#openstack-meeting-4 log

20:01:20 <Rockyg> #startmeeting log_wg
20:01:20 <openstack> Meeting started Wed Jun 17 20:01:20 2015 UTC and is due to finish in 60 minutes.  The chair is Rockyg. Information about MeetBot at http://wiki.debian.org/MeetBot.
20:01:21 <openstack> Useful Commands: #action #agreed #help #info #idea #link #topic #startvote.
20:01:23 <openstack> The meeting name has been set to 'log_wg'
20:01:30 <jokke_> Hello
20:02:15 <Rockyg> Hey.  So, my chat client is messed up and I can't see thefolks in the room to ping the ones we need.  Would you please?
20:02:53 <jokke_> give me just a sec, do we have the courtesy list somewhere?

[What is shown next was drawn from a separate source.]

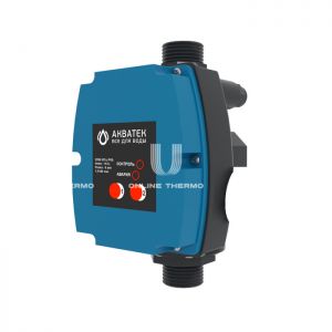 Блок управления насосом Акватек всё для воды предназначен для автоматического управления (включения и выключения) электрическими насосами и защиты насоса от работы без воды в системе водоснабжения домов, коттеджей, дач и других бытовых помещений. Особенности и преимущества: Максимальная мощность насоса 1,5кВт. 2 режима управления: по максимальному и минимальному давлению и по минимальному давлению. Диапазон регулирования давления включения: 0.5-4.5бар, диапазон регулирования выключения: 1,0-8,5бар. Встроенный датчик потока для защиты насосов от "сухого хода" и датчик давления. Информация выводится на ЖК-дисплей.

20:03:12 <Rockyg> Ah.  got it.  ping for dhellmann, bknudson
20:03:19 <bknudson> hi
20:03:28 <jokke_> hi there
20:03:42 <Rockyg> didn't know we could make a courtesy list
20:04:14 <Rockyg> nkrinner
20:04:18 <Rockyg> whoe else?
20:06:09 <jokke_> I think we should be good to go
20:06:52 <Rockyg> OK.  we had an agenda for las week
20:07:17 <Rockyg> One item I saw on log about request-id
20:07:38 <Rockyg> jokke_: you couldn'tremember if you had replied to that thread
20:07:44 <Rockyg> I don't think you did.
20:08:18 <Rockyg> Great if you could
20:08:58 <Rockyg> I'd like to discuss some of the problems we are having on all of these "user facing" specs
20:09:18 <Rockyg> #topic problems in moving user facing specs forward
20:09:26 <jokke_> yes!
20:09:46 <Rockyg> I am seeing a pattern in API wg, Log wg and the request-id spec
20:10:10 <bknudson> we have problems getting reviews for specs in keystone, too.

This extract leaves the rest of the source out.